Image: Norwegian fjords captured by Proba-V

Credit: ESA/Belspo – produced by VITO Snow-dusted Norwegian fjords imaged by ESA’s Earth-observing Proba-V minisatellite.

Norway’s coastline is one of the world’s longest – with a total length recently calculated at 80 000–100 000 km – owing to its famous fjords, narrow inlets bordered by steep cliffs created by glacial erosion during previous Ice Ages.
After these glaciers melted and Earth’s crust rebounded, seawater flooded the valleys, leading to some fjords becoming very deep: the Sognefjord fjord (visible to the upper left) is 1300 m. From bottom to top the Bokna and Hardanger fjords are also seen. The white region in the middle is the Hardangervidda National Park, an extensive plateau at around 1200 m altitude, inhabited by wild reindeer.

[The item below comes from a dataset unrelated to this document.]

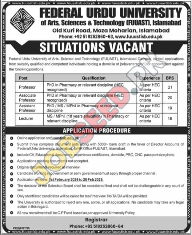 The Federal Urdu University of Arts, Science & Technology (FUUAST) has announced vacancies for Professor and Lecturer positions in Islamabad. These government sector roles provide opportunities for experienced professionals with advanced qualifications. Explore career development and contribute to academic research. Apply by February 28, 2026.
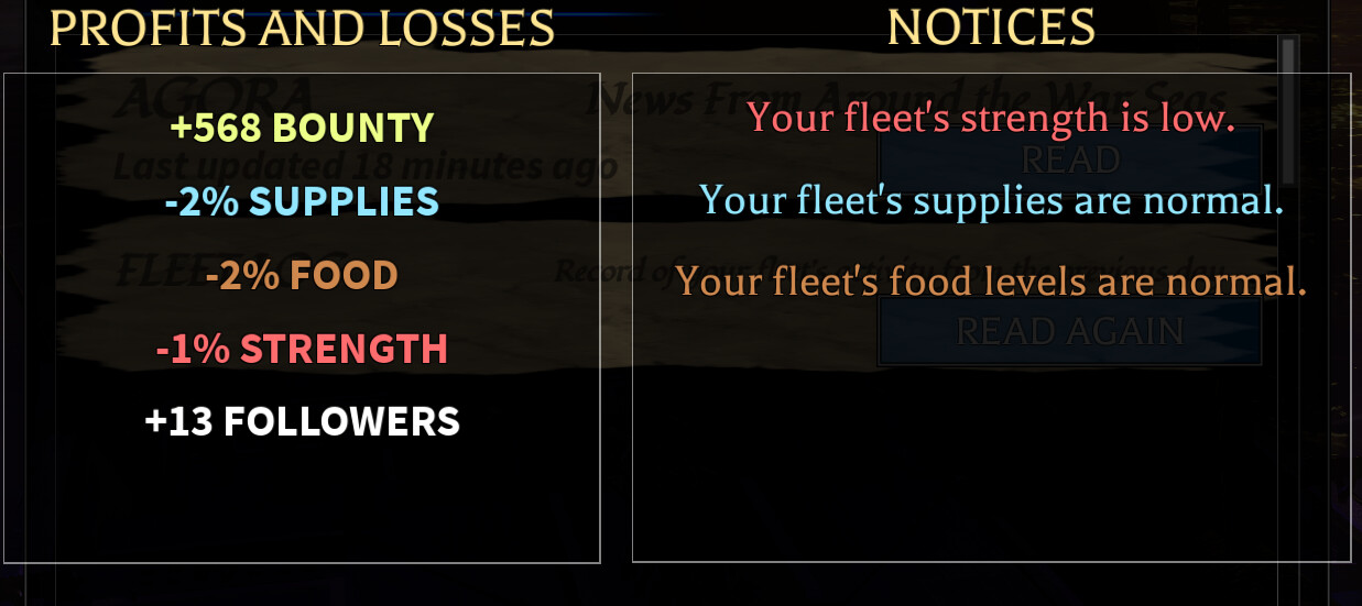 but with maximising risk i gain more profits which i can also use to resupply/repair my fleet and still have some left for my own while the food and supplies lost rate hasnt changed much since i still have it set on task plunder recover recover

Launched on 7 May 2013, Proba-V is a miniaturised ESA satellite tasked with a full-scale mission: to map land cover and vegetation growth across the entire planet every two days.
Its main camera’s continent-spanning 2250 km swath width collects light in the blue, red, near-infrared and mid-infrared wavebands at 300 m resolution and down to 100 m resolution in its central field of view.
VITO Remote Sensing in Belgium processes and then distributes Proba-V data to users worldwide. An online image gallery highlights some of the mission’s most striking images so far, including views of storms, fires and deforestation.